Боже мой, я ведь все-таки несколько раз в жизни был счастлив – правда, всегда ненадолго. Так почему у меня нет больше права на одно-единственное безоблачное утро? Грустно, грустно, что надеяться больше не на что. О нет, грусть моя – не от хвори. Я-то прекрасно знаю, что для меня нестерпима социальная неприкаянность. Я весь наполнен гулом, как раковина. Не умею быть счастливым в одиночку Как бодро, весело было, когда я работал в Аэропосталь! Какое это было великое дело! Не могу я больше в этом убожестве. Не могу.
Жизнь в одиночном заключении, без веры. Эта дурацкая комната
[195]
. И никакого завтрашнего дня. Не могу больше в этом гробу.
Да, вот еще: так, мелочь.
Встречаю сегодня утром генерала Р. (бывший начальник разведотдела).
– А, здравствуйте, Сент-Экс.

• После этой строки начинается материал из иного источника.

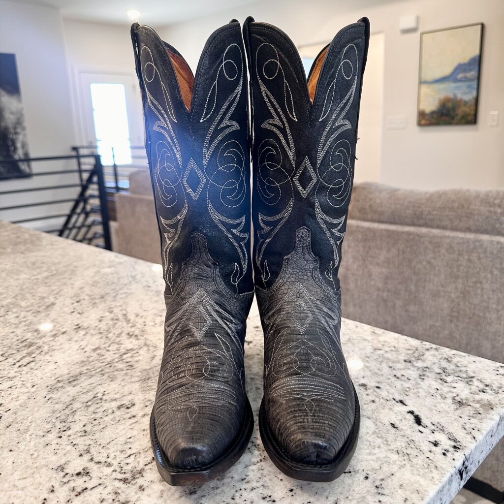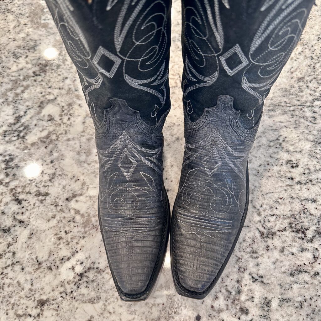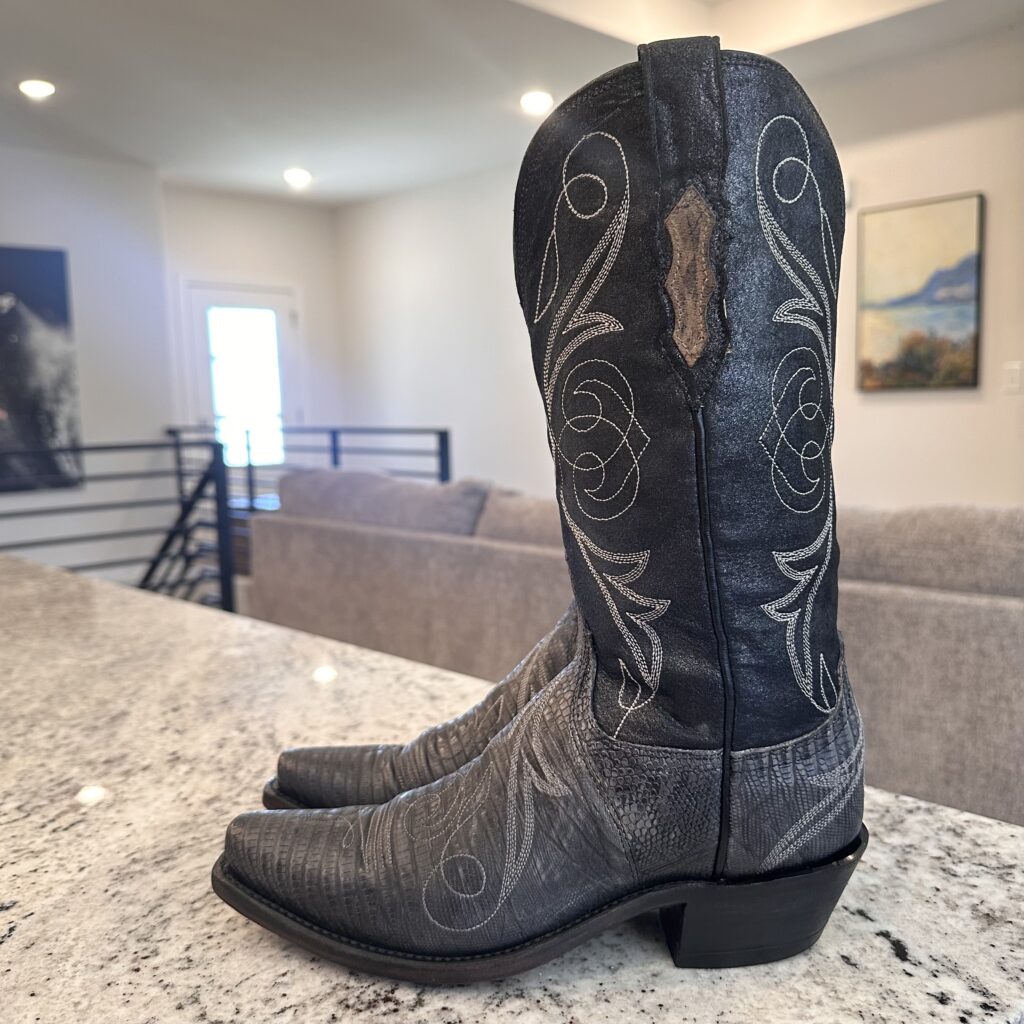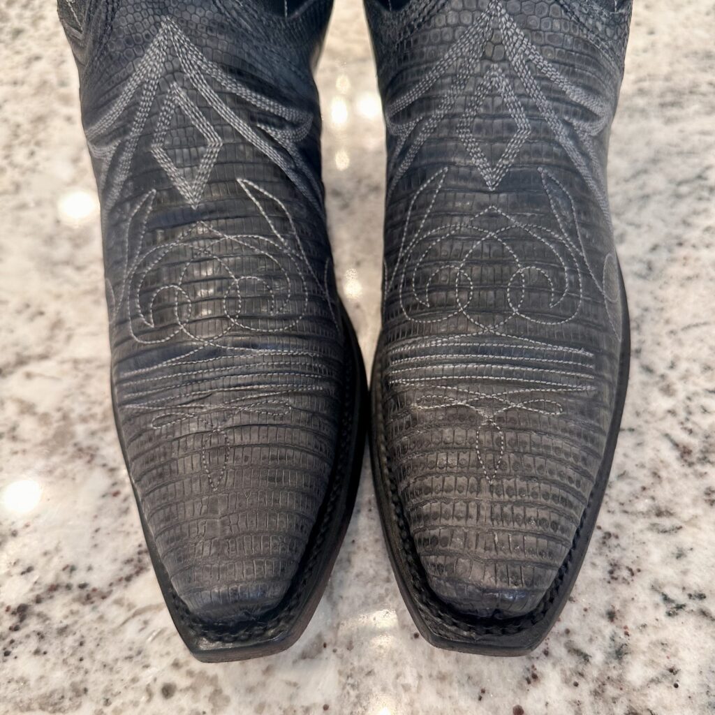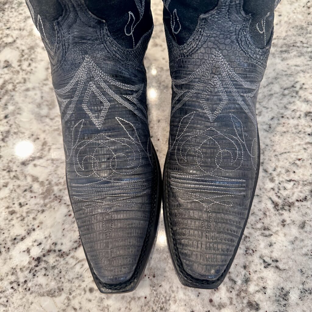 Type: These are women’s size 6.5 B Lucchese 1883 Lizard Boots style N4077 in color Gray + Black. These boots have a lizard leather vamp and counter with a pig leather shaft. The vamp area is a dark gray color and the shaft is a sort of shiny, metallic black. There are brown leather accents on the shaft pull tabs. There is accent stitching on both the shaft and the vamp. Snip toe design with leather outsoles. The collar area has a deeper scallop on front and back for easier on/off.
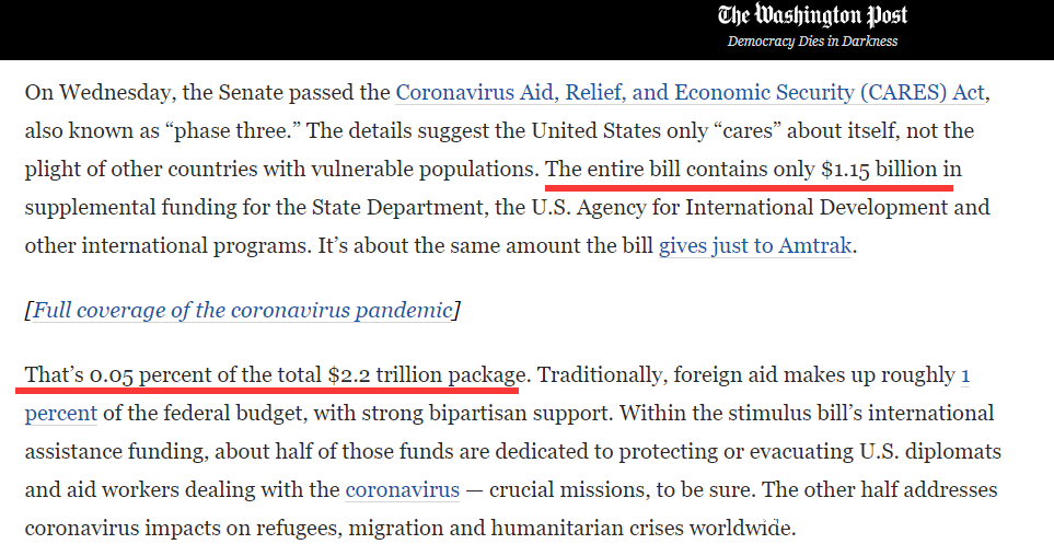這名記者的不滿在於:儘管美國國會即將通過美國曆史上最大額的2萬億救市計劃,以求保住疫情衝擊下的美國經濟,可這筆錢中撥給美國國務院、美國國際開發署等國際項目的錢卻只有11.5億美元,僅佔整個2萬億的0.05%,遠少於以往外援資金在聯邦政府預算中佔比1%的比例。

Между прочим, будьте начеку…
– А что такое?
– Дорогой мой, берегитесь того, берегитесь сего…
– Что вы имеете в виду?
– Предостеречь друга – наш долг. Будьте же осторожны.
– Ладно.
Так я больше ничего из него и не вытянул. Здесь, в Межсоюзническом комитете, натыкаюсь на Ложье
[196]
.
Ничтожество, ректор Академии. Восседает среди верховных жрецов режима. Изволил меня заметить.
– Здравствуйте!
– Здравствуйте.
И тут он, окруженный верховными жрецами, на меня обрушивается:
– Здравствуйте, уважаемый член Национального совета Петена!
– Я?
– А кто же? Да, хорош ваш Петен!
Тут вмешивается один из жрецов, состоящих в свите этого хама:
– Как! Неужели вы член Национального совета?
И Ложье ему в ответ:
– Конечно, кто же этого не знает!
Вы помните это злополучное назначение, которым я обязан какому-то мерзавцу. Вы помните, в какой я был ярости, помните, что я сразу заявил протест. Но к чему пытаться что-либо объяснять? В атмосфере страстей, вскипающих вокруг выборов, слишком сложно развеять клевету. Я отрезал:
– Вы прекрасно знаете, что ведете себя сейчас как последний мерзавец.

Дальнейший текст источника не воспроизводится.